3. Create Query Engine: Instantiate a `query_engine` from the index.
4. Query Data: Ask questions using the query engine.

Capabilities and Limits

LangChain Capabilities

  • Modularity: Encourages building applications from reusable components.
  • Agents: Powerful capabilities for creating LLM-powered agents that can use tools.
  • Chains: Simplifies complex LLM workflows.
  • Integrations: Extensive integrations with various LLMs, vector stores, and tools.

LangChain Limits

  • RAG Specialization: While it supports RAG, it’s not as specialized as LlamaIndex for data indexing and retrieval.
  • Complexity: Can become complex for beginners due to its vast feature set.

LlamaIndex Capabilities

  • RAG Optimization: Highly optimized for data ingestion, indexing, and retrieval.
  • Data Connectors: Wide range of connectors for various data sources.
  • Index Types: Diverse index structures to suit different data and query needs.
  • Query Engines: Advanced query interfaces for efficient data retrieval.

LlamaIndex Limits

  • Agentic Workflows: Less emphasis on building complex agents compared to LangChain.
  • General LLM Orchestration: While capable, its core strength remains data management for LLMs.

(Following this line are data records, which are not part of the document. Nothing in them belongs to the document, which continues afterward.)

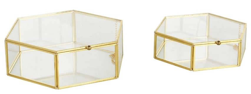 Hexagon jewelry cases set boasts a shiny clear glass exterior, beautifully offset by an elegant gold metal frame that adds a touch of sophistication. This glass set of 2 jewelry boxes features two exquisite hexagonal boxes, each adorned with a delicate chain accent for easy opening and closing
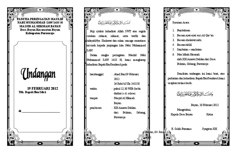 Contoh format surat undangan pernikahan ini dibuat untuk semua kalangan border dan kata kata ucapan yang ada sangat mudah dirubah. Undangan lipat tiga warna hijau dinaprint harga undangan lipat 3 amat sangat dibutuhkan pertama kali oleh seseorang saat akan membuat sebuah acara yang melibatkan tidak sedikit orang seperti perkawinan aqiqah khitanan dan lain lain. Dengan mohon rahmad dan. Contoh undangan nikah hvs f4 lipat 3 file docx. Undangan tahlil ini dibuat dalam format kertas a4 dalam contoh template ini ukuran a4 lipat 3tahlil lipat 3 free download as word doc doc pdf file pdf text file txt or read online for free. Mohon maaf apabila banyak kesalahan dalam penulisan artikel atau informasi tersebut yang ada kaitannya dengan format undangan lipat 3 cdr yang sangat populer.
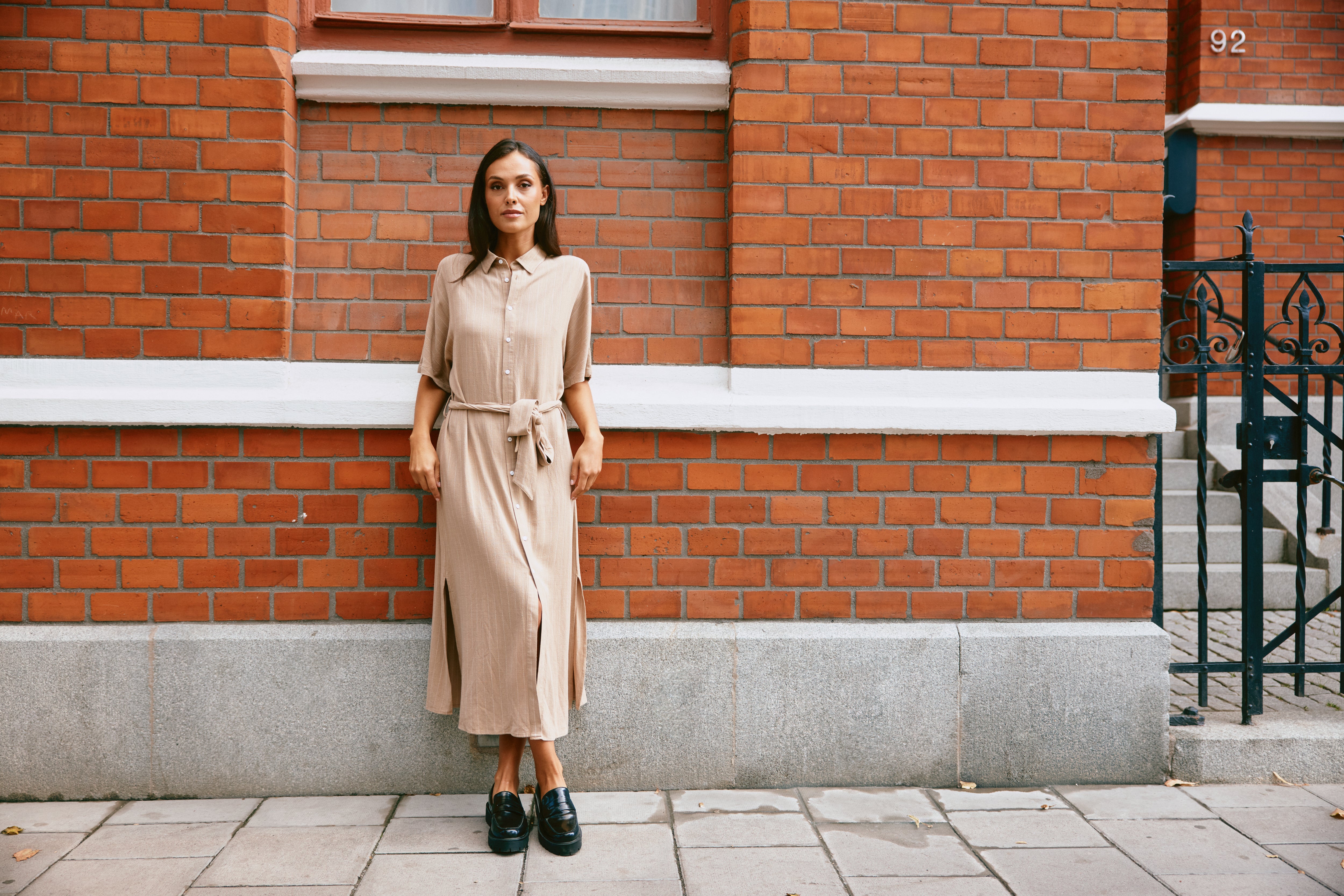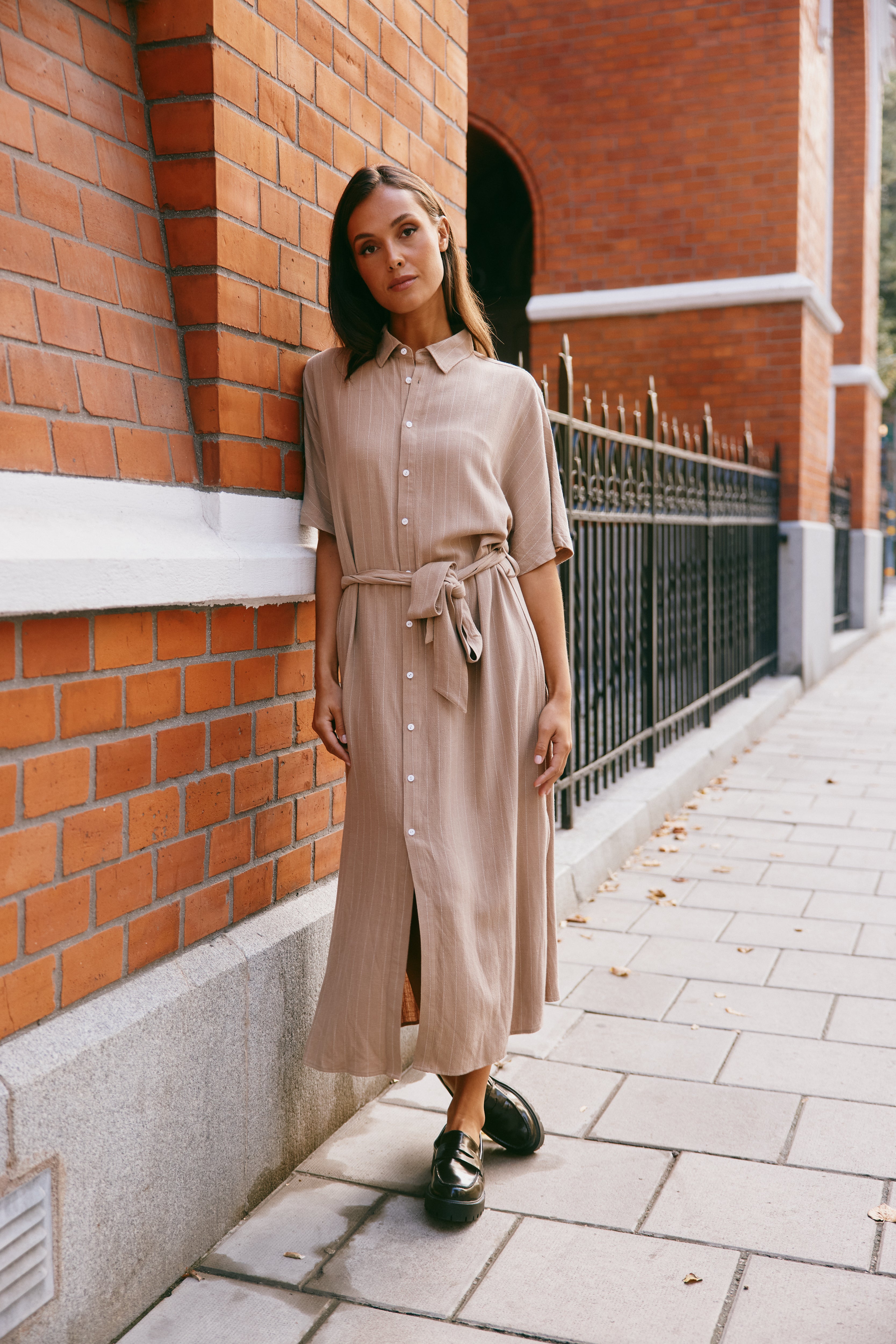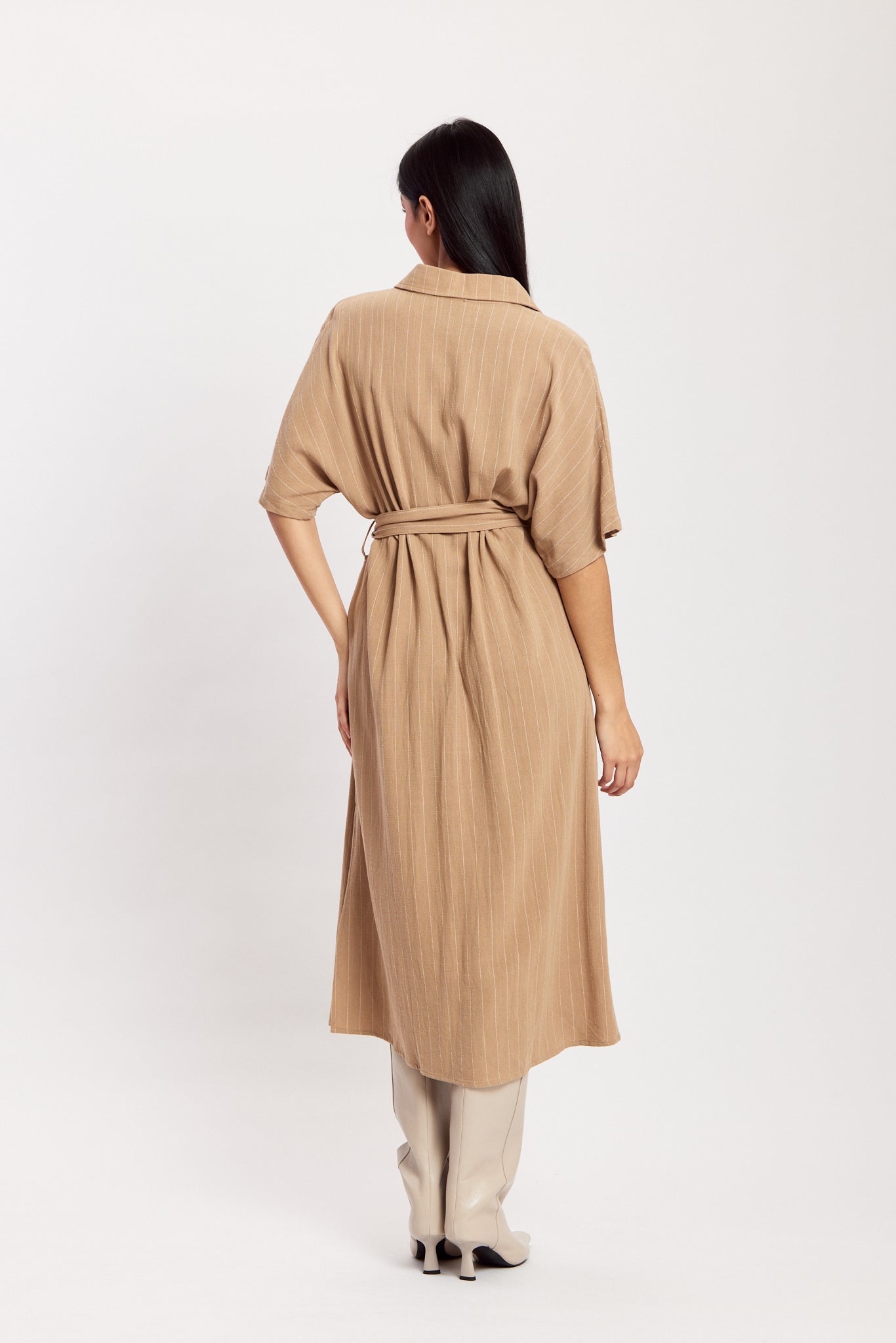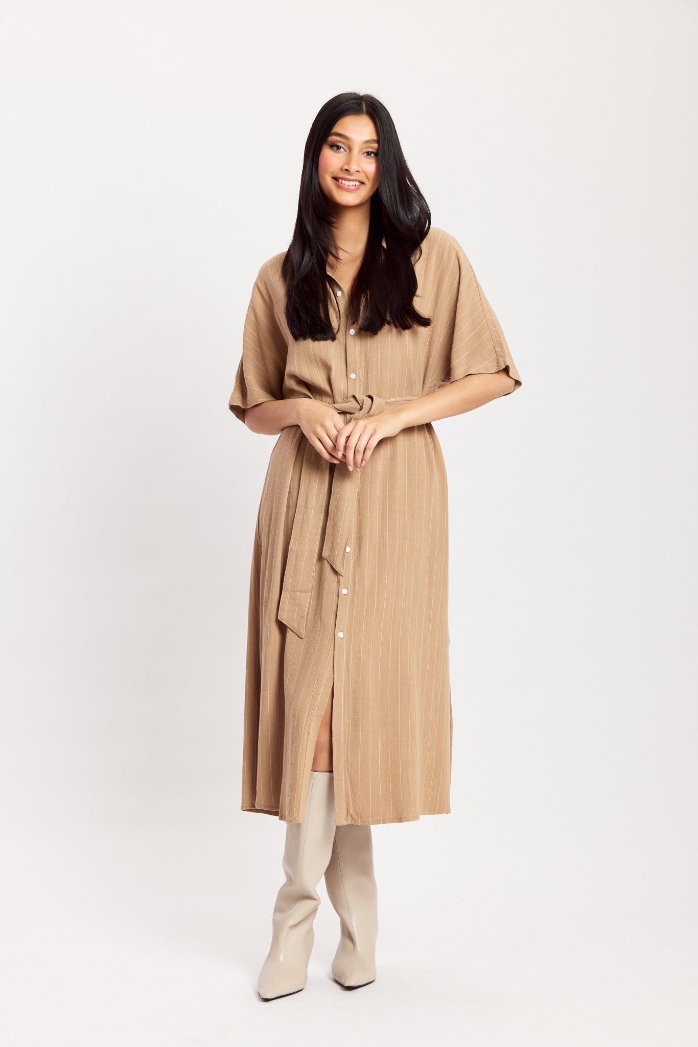 A midi shirt dress featuring short sleeves, a full button-down front, and a matching waist tie for a flattering fit. Made in a soft, textured fabric that drapes beautifully. Elegant, easy to style, and perfect for everyday wear.
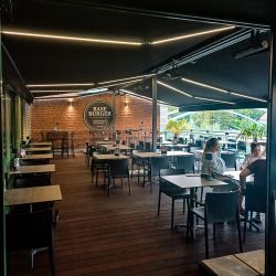 The modular design of the awning allows for easy expansion and modification, adapting to the changing needs of the restaurant garden.
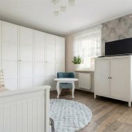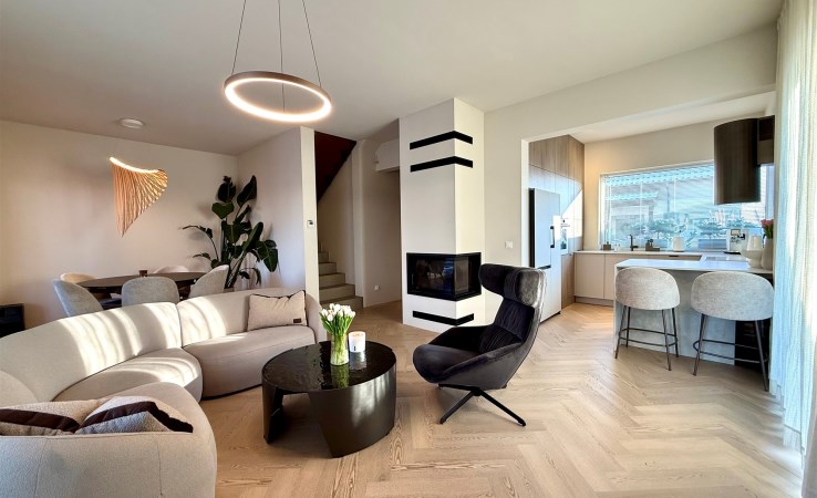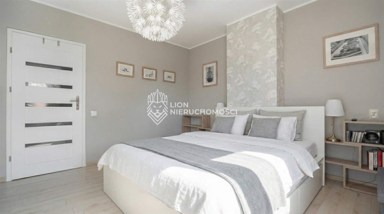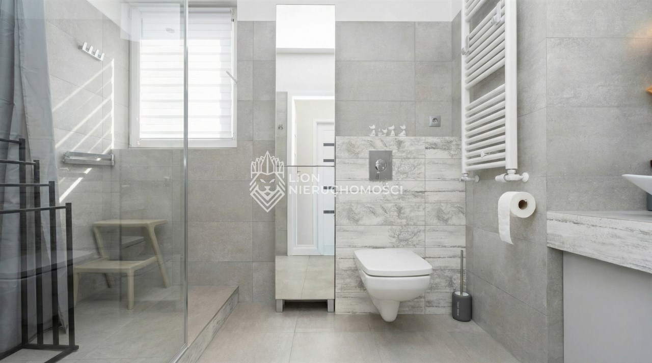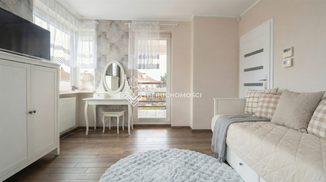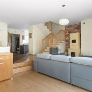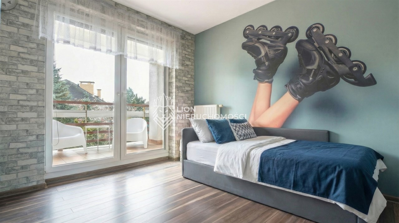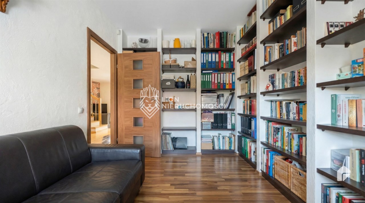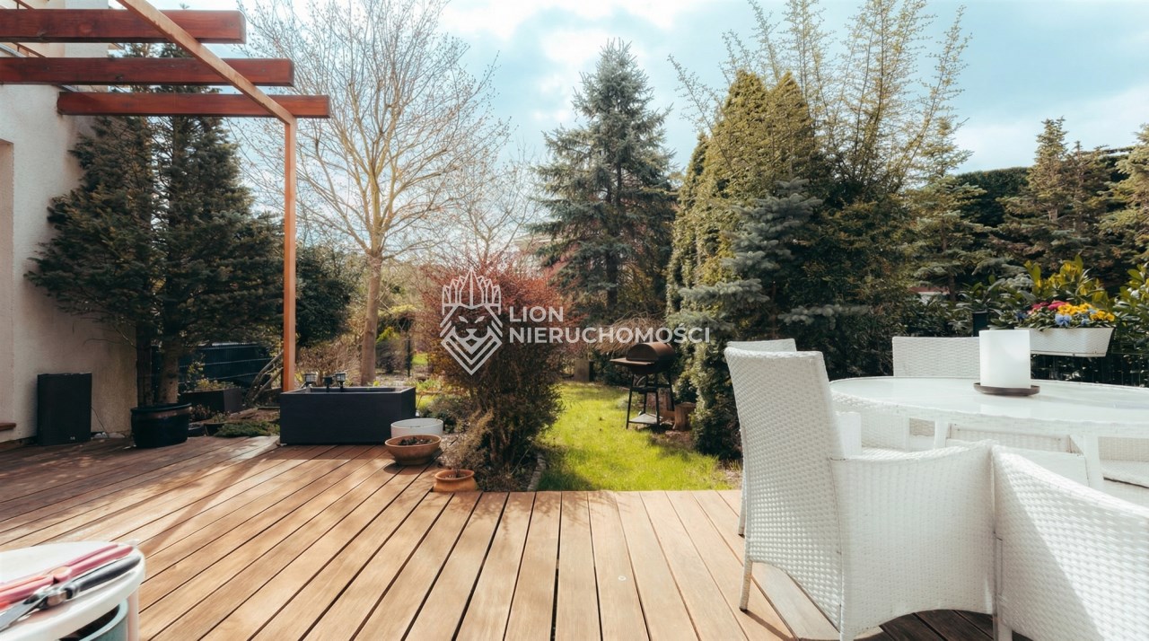 Parter to duży salon z otwartą kuchnia, podzielony na dwie strefy. Strefę kuchenno -jadalnianą i wypoczynkową. Kuchnia z oknem w jasnej zabudowie , w jadalni duży stół z krzesłami. Strefa wypoczynkowa z panoramicznymi przesuwnymi oknami skąd jest wyjście na duży taras i słoneczny ogród. W salonie właściciele , zamiast kominka wstawili piec kaflowy. Na tym poziomie znajduje się pokój (gabinet ) o powierzchni ponad 12 m kw oraz toaleta. Tu też znajdują się schody prowadzące na piętro pierwsze oraz na poziom -1. Piętro pierwsze to trzy sypialnie, garderoba oraz łazienka z oknem i z dużym prysznicem Dzięki usytuowaniu okien, pokoje są dobrze doświetlone a zarazem bardzo ustawne. W dwóch sypialniach balkony. Nad piętrem jest poddasze służące do przechowywania. Poziom -1 to duży garaż o powierzchni ponad 25 m oraz dwa dodatkowe pomieszczenia spełniające funkcje pralni i piwnicy.
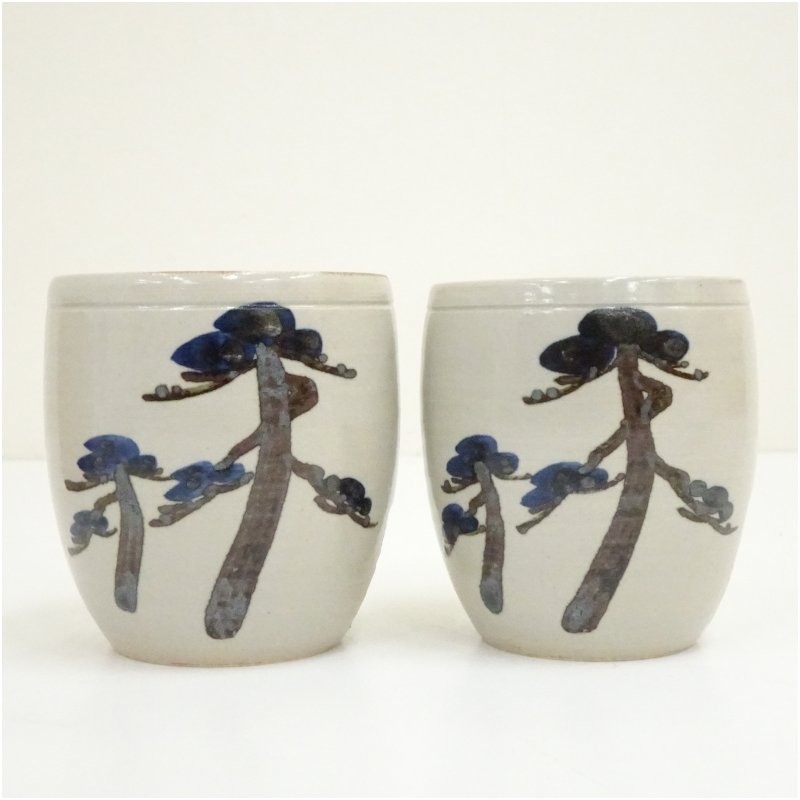 京焼 澤村陶哉造 松之画夫婦湯呑(共箱) [13-250626c-055a]
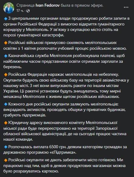 Он также заявил, что продолжаются попытки открыть гуманитарный коридор в Мелитополь через запросы в официальные органы РФ.

Access, Pricing, and Availability

Both LangChain and LlamaIndex are open-source Python libraries, making them free to use. However, the LLMs, embedding models, and vector databases you integrate with them will likely have their own pricing models.

  • LangChain: Available on GitHub. Requires installation via pip: `pip install langchain`.
  • LlamaIndex: Available on GitHub. Requires installation via pip: `pip install llama-index`.

Alternatives and Comparisons

  • Haystack: Another popular open-source framework for building LLM applications, often compared to LangChain. It offers strong RAG capabilities and a focus on production-ready applications.
  • Semantic Kernel: Microsoft’s open-source SDK that lets you easily build agentic applications that leverage the latest AI models. It focuses on prompt engineering, skills, and memory.

Practical Checklist for Choosing

When deciding between LangChain and LlamaIndex for your RAG project, consider the following:

  • Project Complexity: Is your primary need data retrieval for RAG, or a broader LLM application with agents and tools?
  • Data Sources: How diverse and numerous are your data sources? LlamaIndex might offer more streamlined ingestion for many sources.
  • Developer Experience: Which framework’s API and structure resonate better with your team?
  • Scalability: What are your long-term scalability requirements for data indexing and querying?
  • Community and Ecosystem: Both have active communities, but their focus areas (general LLM apps vs. RAG data) might influence available resources.

Sources and Caveats

Caveats: The landscape of LLM frameworks evolves rapidly. Features and best practices can change. Always refer to the latest official documentation for the most up-to-date information.

Update Log

  • October 26, 2023: Initial draft comparing LangChain and LlamaIndex for RAG applications.